■ How to complete this task
In the material below, find the line with "พู่ขนจิ้งจอกเท" and the line with "Da jeg kørte". Output exactly those two lines and all lines between them, leaving out pictures.

■ Given records
=== Section Start ===
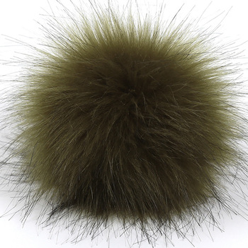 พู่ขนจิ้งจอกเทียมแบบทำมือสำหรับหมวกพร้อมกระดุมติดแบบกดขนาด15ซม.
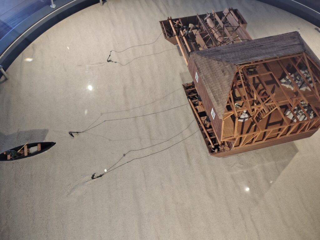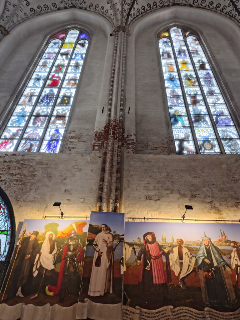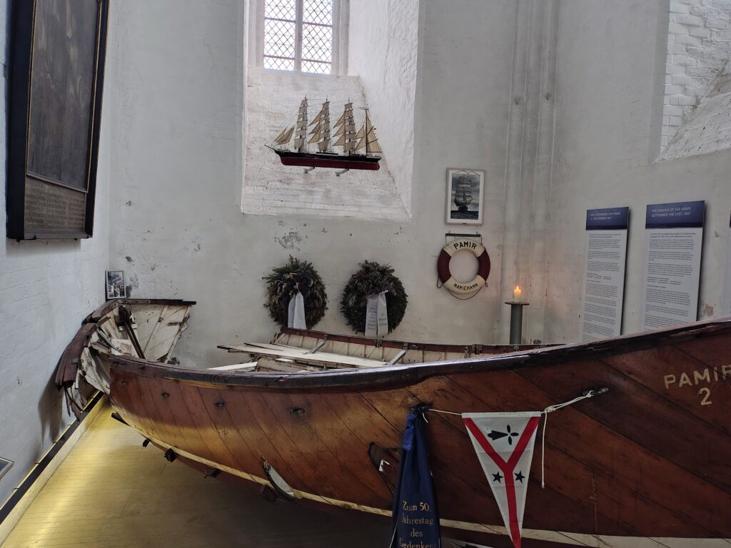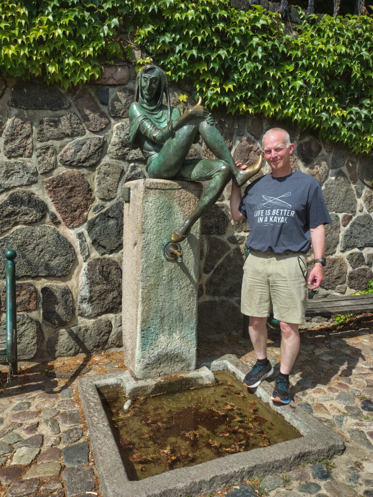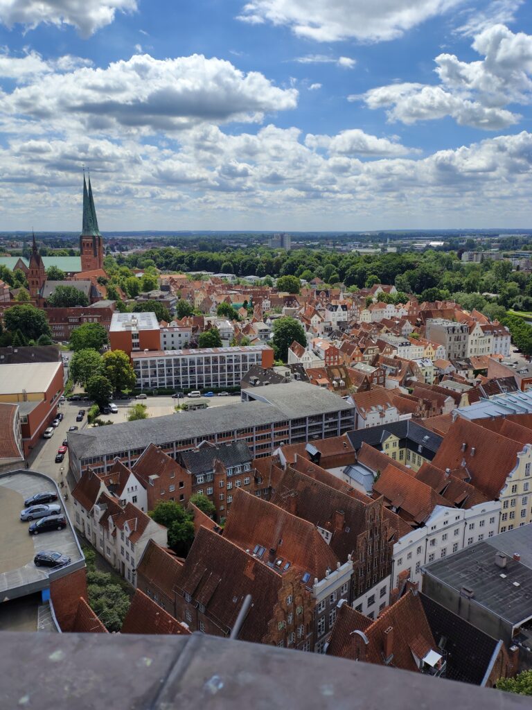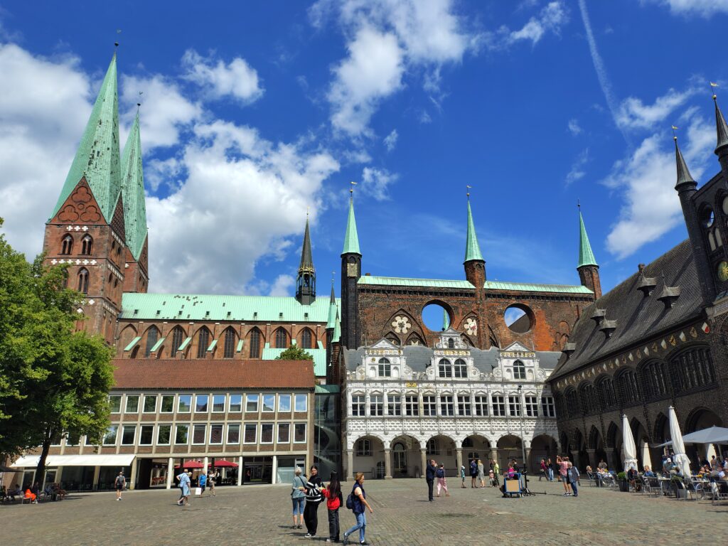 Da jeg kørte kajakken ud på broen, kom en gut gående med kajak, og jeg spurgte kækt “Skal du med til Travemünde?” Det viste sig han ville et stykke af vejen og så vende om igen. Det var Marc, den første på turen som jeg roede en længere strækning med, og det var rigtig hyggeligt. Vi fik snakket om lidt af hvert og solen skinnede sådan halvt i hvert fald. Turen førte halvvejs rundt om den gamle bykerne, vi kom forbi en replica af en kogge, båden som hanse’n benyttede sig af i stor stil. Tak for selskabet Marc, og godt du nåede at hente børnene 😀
=== Section End ===
=== Section Start ===
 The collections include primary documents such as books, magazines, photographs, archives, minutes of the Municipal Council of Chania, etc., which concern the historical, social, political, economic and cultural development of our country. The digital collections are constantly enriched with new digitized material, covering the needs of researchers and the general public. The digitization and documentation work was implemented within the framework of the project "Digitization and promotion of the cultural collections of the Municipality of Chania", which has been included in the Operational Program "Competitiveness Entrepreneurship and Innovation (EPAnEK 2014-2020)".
=== Section End ===
■ Response to the exercise
 พู่ขนจิ้งจอกเทียมแบบทำมือสำหรับหมวกพร้อมกระดุมติดแบบกดขนาด15ซม.
 Da jeg kørte kajakken ud på broen, kom en gut gående med kajak, og jeg spurgte kækt “Skal du med til Travemünde?” Det viste sig han ville et stykke af vejen og så vende om igen. Det var Marc, den første på turen som jeg roede en længere strækning med, og det var rigtig hyggeligt. Vi fik snakket om lidt af hvert og solen skinnede sådan halvt i hvert fald. Turen førte halvvejs rundt om den gamle bykerne, vi kom forbi en replica af en kogge, båden som hanse’n benyttede sig af i stor stil. Tak for selskabet Marc, og godt du nåede at hente børnene 😀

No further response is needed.